Problem description:
Everything in the listing below must be reproduced exactly, apart from its images.

Stored data:
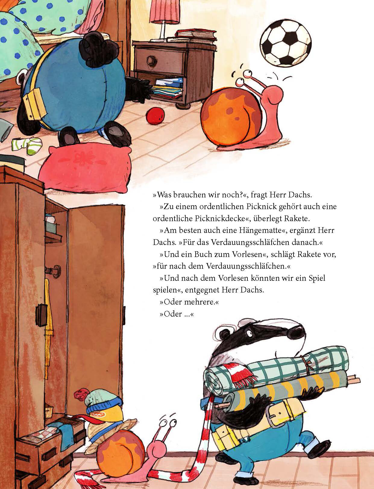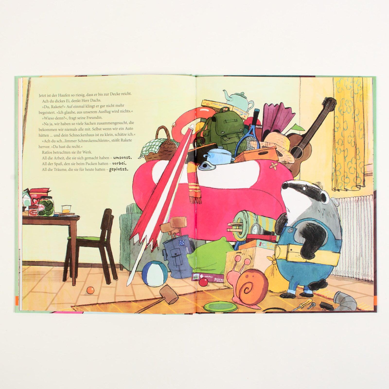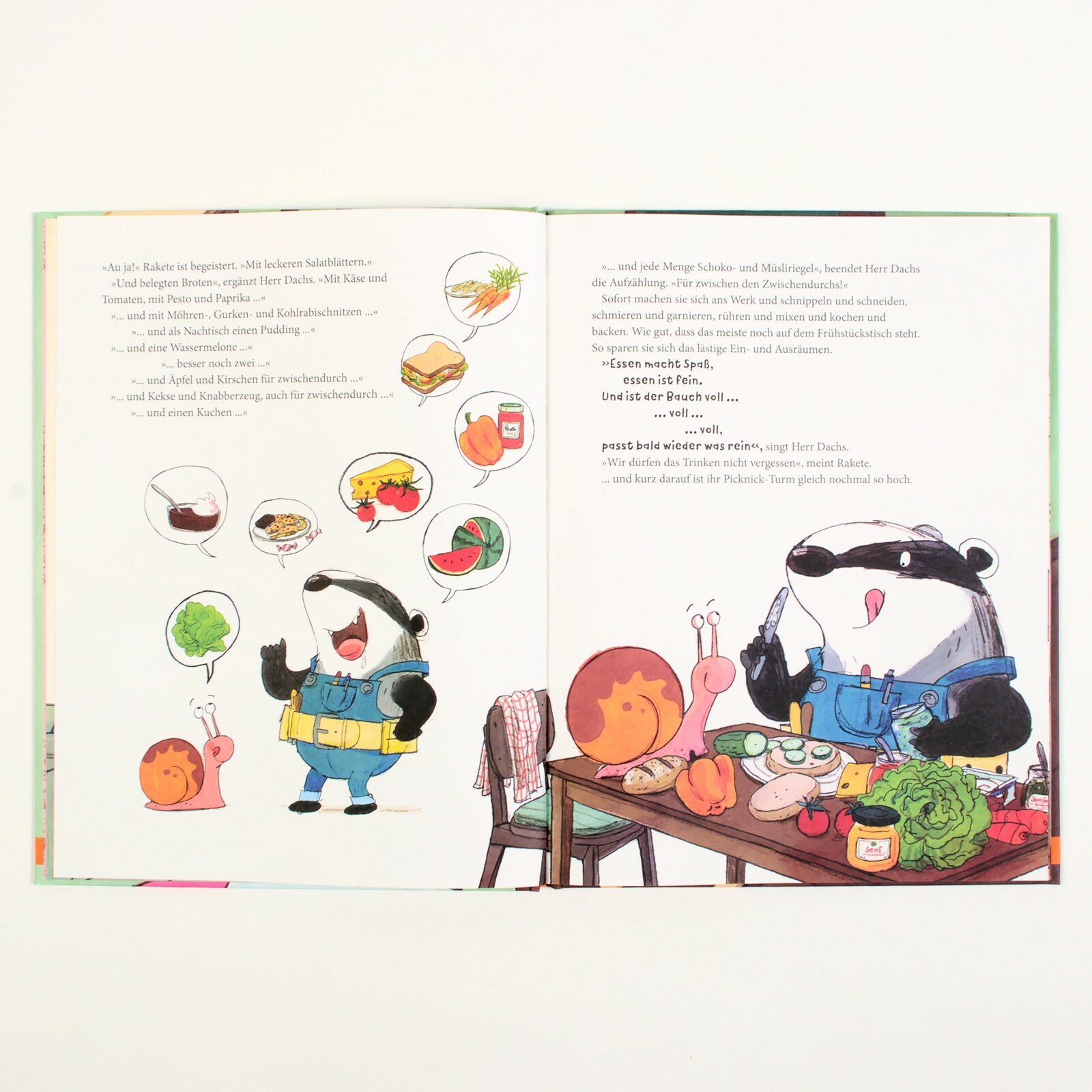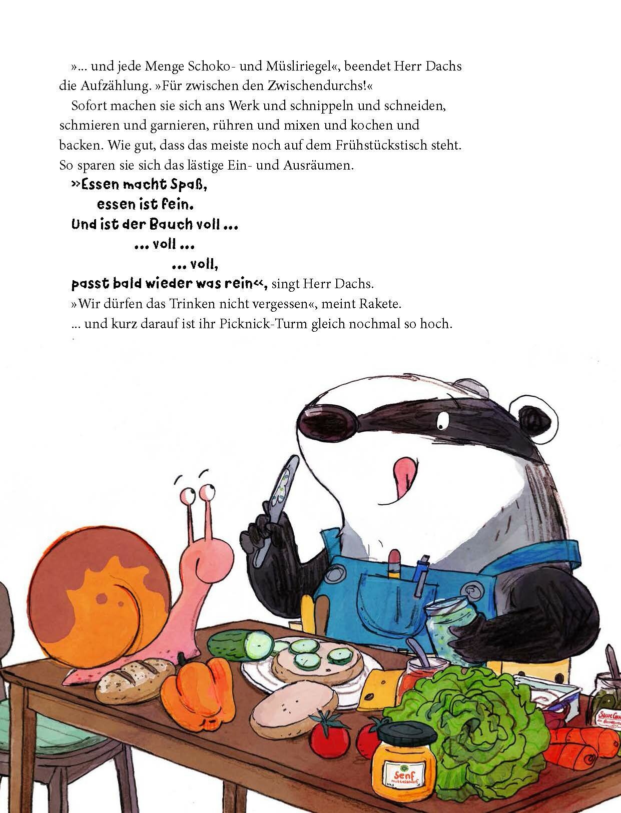 Das erste Bilderbuch von Herrn Dachs und Schnecke Rakete! Beide haben gro?e Lust auf einen Ausflug mit Picknick. Also packen sie zusammen: Kohlrabischnitzen, Oliven, Wassermelone, Knabberzeug, Schokokuchen, Pudding, Decke, Thermosflasche, Bucher, Wikingerschach, Badesachen, Regenzeug, Schlauchboot, Seil und Hangematte … wer soll das blo? alles tragen? Rakete hat die Losung: Hausflug statt Ausflug ist angesagt! Und da mischen naturlich alle Freunde aus dem Haus begeistert mit! Eine Bilderbuchgeschichte voller Leichtigkeit, mit frohlichen und detailreichen Bildern, die enorme Lust auf Abenteuer macht.
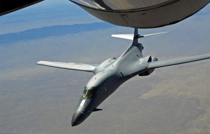实拍美军战略轰炸机空中加油 飞行员高举国旗
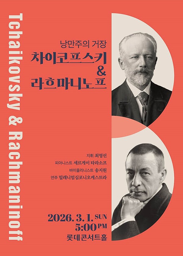 1 March 2026 낭만주의 거장 - 차이코프스키 & 라흐마니노프 Time 5:00 PM Venue 롯데콘서트홀 Program Tchaikovsky violin concerto More Information Calendar
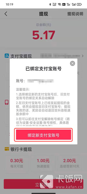 5、如果需要修改,点击【绑定新支付宝账号】,完成绑定进入下一步操作;
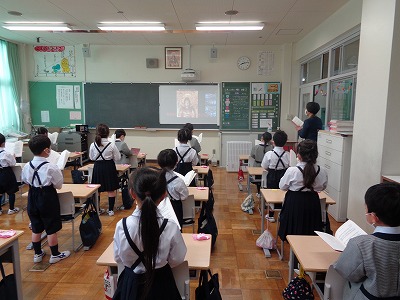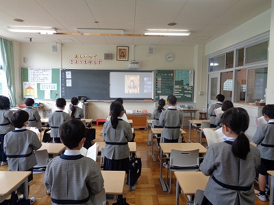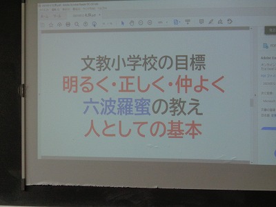 知恩院御影堂(大殿)の写真を見ながら、建物の大きさが本校運動場と同じくらいの広さだと聞いて、各クラスから驚きの声が聞こえてきました。また私達が毎日手を合わせている大きな阿弥陀さまが、御影堂の隣の阿弥陀堂にいらっしゃることも知りました。参拝の折に、5の「今年1年の具体的な自分の目標・テーマ」を誓うことになっていました。『明るく・正しく・仲良く』『六波羅蜜』『人としての基本』から自分のテーマに向かって走り出していると思います。コツコツと積み重ねてほしいです。
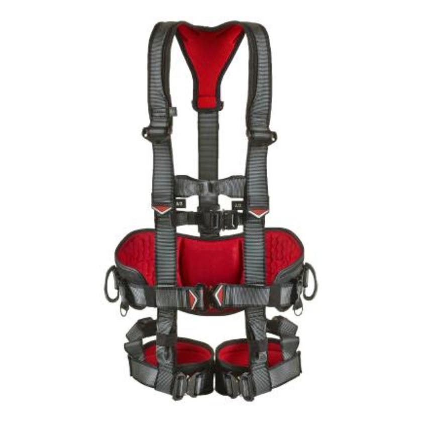Anslutningspunkten för fallskydd på bröstet är försedd med tygöglor, medan anslutningspunkten på baksidan har en galvaniserad D-ring. En extra anslutningspunkt, låg och avsedd för positionering, är också utrustad med tygöglor. Selen inkluderar ett ergonomiskt stödbälte med galvaniserade D-ringar för stödfunktion, vilket ger extra komfort. Ryggstoppningen är gjord av material som andas och benstoppningen ger behaglig sittkomfort. Bältet är försett med ringar för att fästa karbinhakar och tillbehör, såsom verktygsväskor. Cobras automatiska snabbspännen används på benremmarna för enkel och pålitlig justering. Med ett polyesterband som mäter 45 mm i bredd och har en bandstyrka på över 30 kN, är denna sele redo att möta utmanande krav på arbetsplatsen.
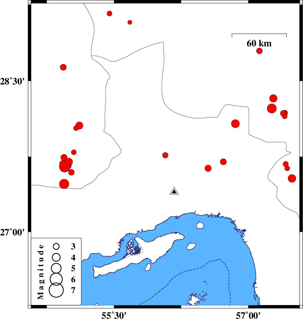 2018/07/04 | 00:57:45.5 | 05:27:45.5 | 28.077 | 56.856 | 17 | ML:4.1 | Hormozgan Province, 83 km North-West of Kahnuj | ||

Response box:
 Das erste Bilderbuch von Herrn Dachs und Schnecke Rakete! Beide haben gro?e Lust auf einen Ausflug mit Picknick. Also packen sie zusammen: Kohlrabischnitzen, Oliven, Wassermelone, Knabberzeug, Schokokuchen, Pudding, Decke, Thermosflasche, Bucher, Wikingerschach, Badesachen, Regenzeug, Schlauchboot, Seil und Hangematte … wer soll das blo? alles tragen? Rakete hat die Losung: Hausflug statt Ausflug ist angesagt! Und da mischen naturlich alle Freunde aus dem Haus begeistert mit! Eine Bilderbuchgeschichte voller Leichtigkeit, mit frohlichen und detailreichen Bildern, die enorme Lust auf Abenteuer macht.
实拍美军战略轰炸机空中加油 飞行员高举国旗
 1 March 2026 낭만주의 거장 - 차이코프스키 & 라흐마니노프 Time 5:00 PM Venue 롯데콘서트홀 Program Tchaikovsky violin concerto More Information Calendar
 5、如果需要修改,点击【绑定新支付宝账号】,完成绑定进入下一步操作;
 知恩院御影堂(大殿)の写真を見ながら、建物の大きさが本校運動場と同じくらいの広さだと聞いて、各クラスから驚きの声が聞こえてきました。また私達が毎日手を合わせている大きな阿弥陀さまが、御影堂の隣の阿弥陀堂にいらっしゃることも知りました。参拝の折に、5の「今年1年の具体的な自分の目標・テーマ」を誓うことになっていました。『明るく・正しく・仲良く』『六波羅蜜』『人としての基本』から自分のテーマに向かって走り出していると思います。コツコツと積み重ねてほしいです。
Anslutningspunkten för fallskydd på bröstet är försedd med tygöglor, medan anslutningspunkten på baksidan har en galvaniserad D-ring. En extra anslutningspunkt, låg och avsedd för positionering, är också utrustad med tygöglor. Selen inkluderar ett ergonomiskt stödbälte med galvaniserade D-ringar för stödfunktion, vilket ger extra komfort. Ryggstoppningen är gjord av material som andas och benstoppningen ger behaglig sittkomfort. Bältet är försett med ringar för att fästa karbinhakar och tillbehör, såsom verktygsväskor. Cobras automatiska snabbspännen används på benremmarna för enkel och pålitlig justering. Med ett polyesterband som mäter 45 mm i bredd och har en bandstyrka på över 30 kN, är denna sele redo att möta utmanande krav på arbetsplatsen.
 2018/07/04 | 00:57:45.5 | 05:27:45.5 | 28.077 | 56.856 | 17 | ML:4.1 | Hormozgan Province, 83 km North-West of Kahnuj | ||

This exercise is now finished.